→ **Source data**

----------------------------------------

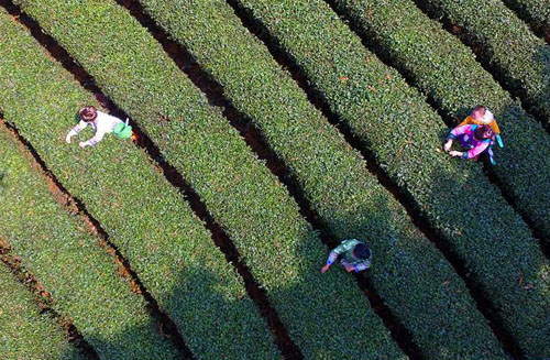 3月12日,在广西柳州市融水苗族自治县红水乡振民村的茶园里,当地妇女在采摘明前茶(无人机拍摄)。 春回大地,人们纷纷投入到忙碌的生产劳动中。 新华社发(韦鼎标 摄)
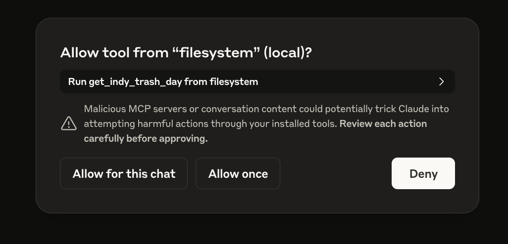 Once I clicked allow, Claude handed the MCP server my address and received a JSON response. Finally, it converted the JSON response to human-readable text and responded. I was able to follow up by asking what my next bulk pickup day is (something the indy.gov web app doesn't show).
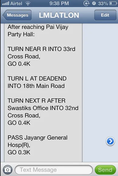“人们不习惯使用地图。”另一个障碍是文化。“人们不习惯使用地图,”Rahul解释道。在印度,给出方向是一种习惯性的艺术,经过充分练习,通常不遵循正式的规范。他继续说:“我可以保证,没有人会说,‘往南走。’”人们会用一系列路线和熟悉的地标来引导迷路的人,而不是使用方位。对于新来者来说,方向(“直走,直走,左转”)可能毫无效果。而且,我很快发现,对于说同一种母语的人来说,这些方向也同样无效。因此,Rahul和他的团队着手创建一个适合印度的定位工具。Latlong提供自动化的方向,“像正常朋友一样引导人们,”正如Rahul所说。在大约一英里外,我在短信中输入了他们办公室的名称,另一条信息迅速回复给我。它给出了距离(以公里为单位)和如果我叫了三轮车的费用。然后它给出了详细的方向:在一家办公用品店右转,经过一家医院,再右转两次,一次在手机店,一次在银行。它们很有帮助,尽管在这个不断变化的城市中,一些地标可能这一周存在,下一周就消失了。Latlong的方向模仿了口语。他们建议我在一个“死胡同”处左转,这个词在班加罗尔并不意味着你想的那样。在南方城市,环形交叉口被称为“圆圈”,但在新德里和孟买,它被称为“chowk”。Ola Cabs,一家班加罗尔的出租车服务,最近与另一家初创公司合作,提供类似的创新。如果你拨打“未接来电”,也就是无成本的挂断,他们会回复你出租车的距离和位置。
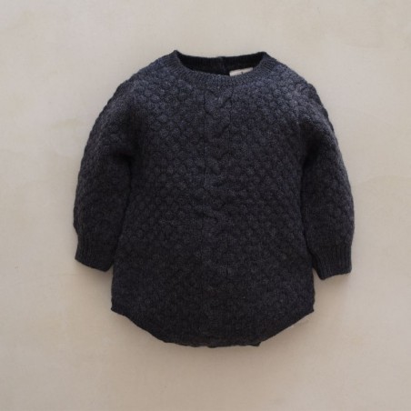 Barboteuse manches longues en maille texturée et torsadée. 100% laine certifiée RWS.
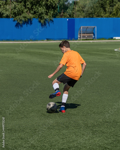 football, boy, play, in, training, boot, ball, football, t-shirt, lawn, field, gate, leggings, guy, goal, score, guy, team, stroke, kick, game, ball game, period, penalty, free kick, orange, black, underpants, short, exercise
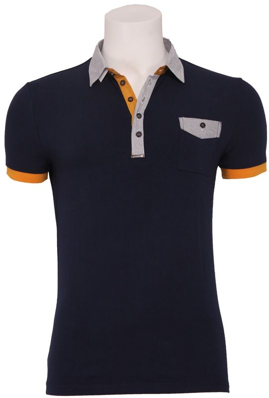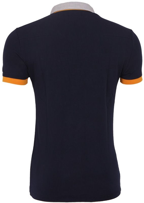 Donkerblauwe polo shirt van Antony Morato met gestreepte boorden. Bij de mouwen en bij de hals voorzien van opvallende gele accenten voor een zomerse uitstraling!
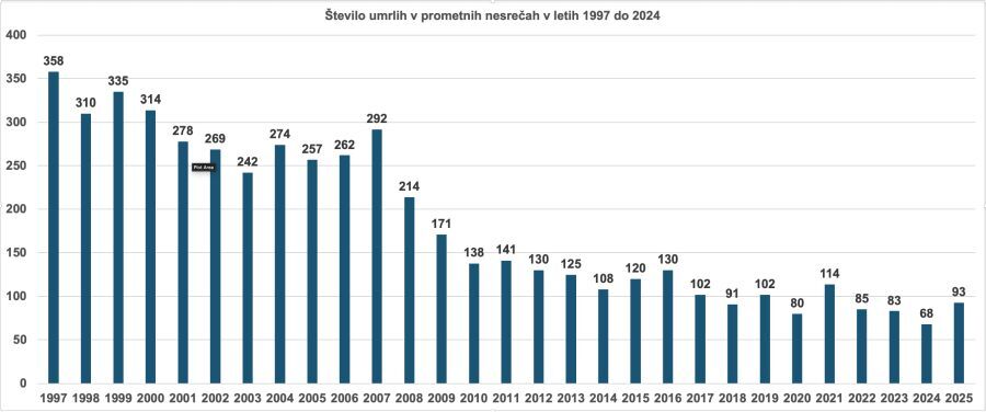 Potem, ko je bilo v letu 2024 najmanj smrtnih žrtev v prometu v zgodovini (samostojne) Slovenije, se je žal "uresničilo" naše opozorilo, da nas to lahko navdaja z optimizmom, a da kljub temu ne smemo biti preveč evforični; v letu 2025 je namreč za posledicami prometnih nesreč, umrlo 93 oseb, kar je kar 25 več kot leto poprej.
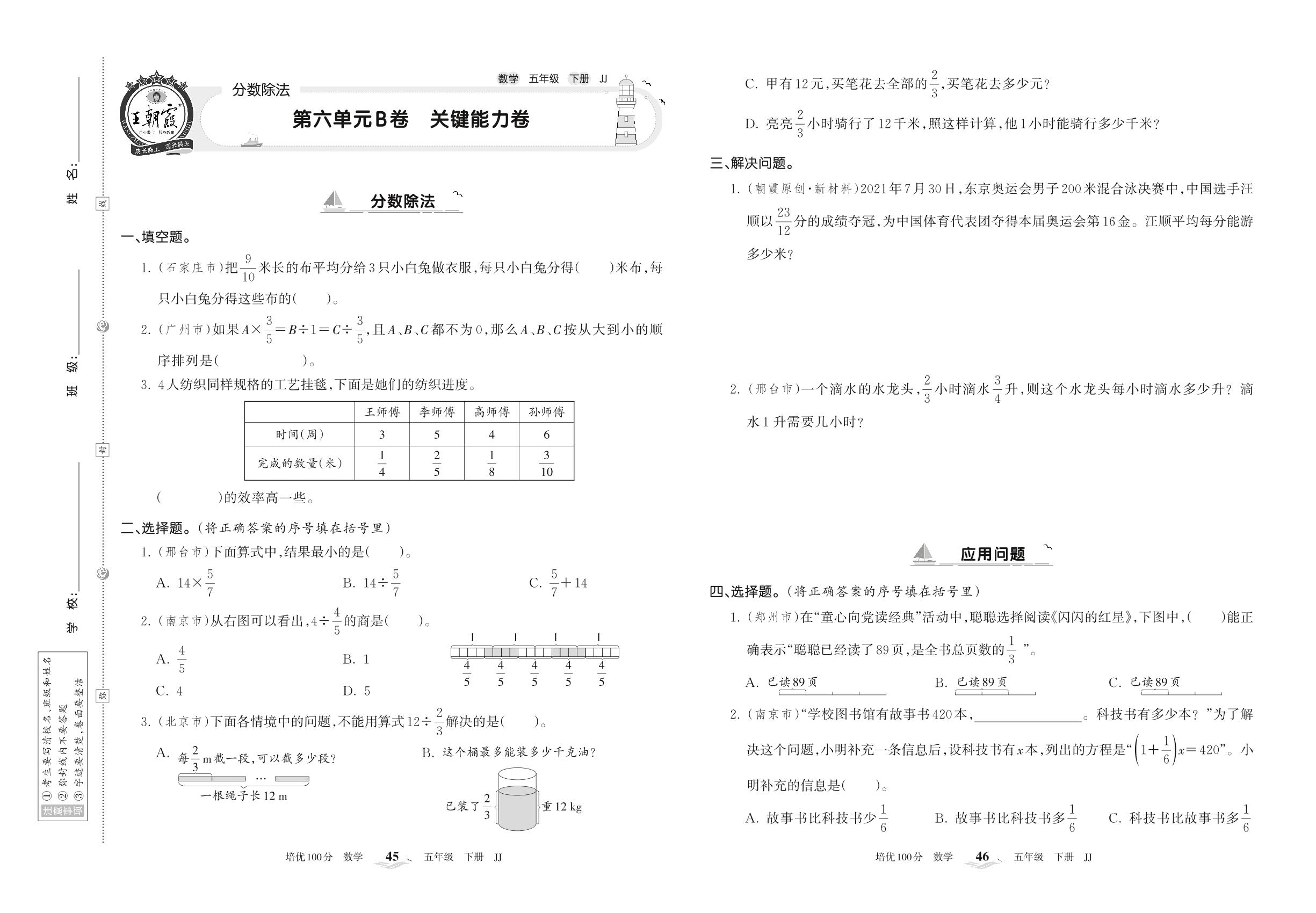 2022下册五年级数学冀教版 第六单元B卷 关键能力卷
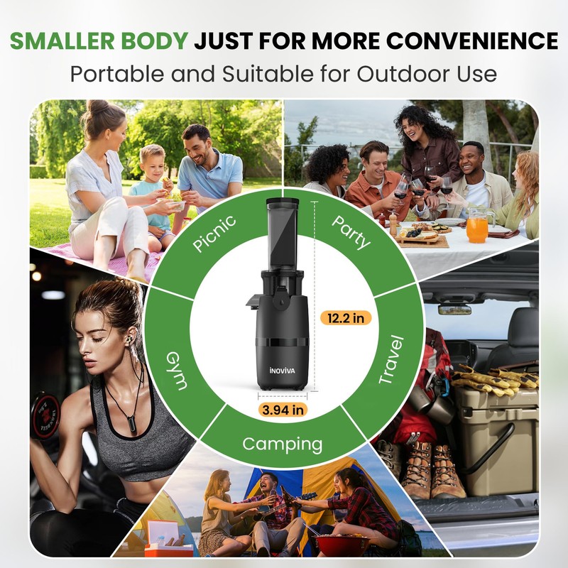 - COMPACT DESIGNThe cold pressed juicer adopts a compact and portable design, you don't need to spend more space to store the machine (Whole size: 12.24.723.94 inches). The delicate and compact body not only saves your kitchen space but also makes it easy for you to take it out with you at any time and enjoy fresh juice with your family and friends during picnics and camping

----------------------------------------

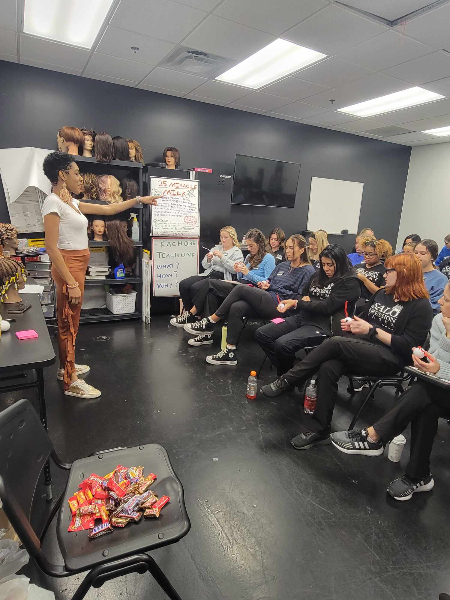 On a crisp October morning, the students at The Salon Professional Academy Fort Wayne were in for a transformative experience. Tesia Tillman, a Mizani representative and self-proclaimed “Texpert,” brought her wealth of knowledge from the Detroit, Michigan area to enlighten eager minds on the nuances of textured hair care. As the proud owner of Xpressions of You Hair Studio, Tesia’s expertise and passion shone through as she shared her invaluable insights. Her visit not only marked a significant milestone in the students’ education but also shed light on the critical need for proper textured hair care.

----------------------------------------

→ **Exercise objective**
The expected output is the lines above from the one containing "Donkerblauwe polo shirt" to the one containing "2022下册五年级数学冀教版 第六单元B卷 关键能力卷", both ends included, reproduced exactly with every picture left out.

→ **Answer to the exercise**
 Donkerblauwe polo shirt van Antony Morato met gestreepte boorden. Bij de mouwen en bij de hals voorzien van opvallende gele accenten voor een zomerse uitstraling!
 Potem, ko je bilo v letu 2024 najmanj smrtnih žrtev v prometu v zgodovini (samostojne) Slovenije, se je žal "uresničilo" naše opozorilo, da nas to lahko navdaja z optimizmom, a da kljub temu ne smemo biti preveč evforični; v letu 2025 je namreč za posledicami prometnih nesreč, umrlo 93 oseb, kar je kar 25 več kot leto poprej.
 2022下册五年级数学冀教版 第六单元B卷 关键能力卷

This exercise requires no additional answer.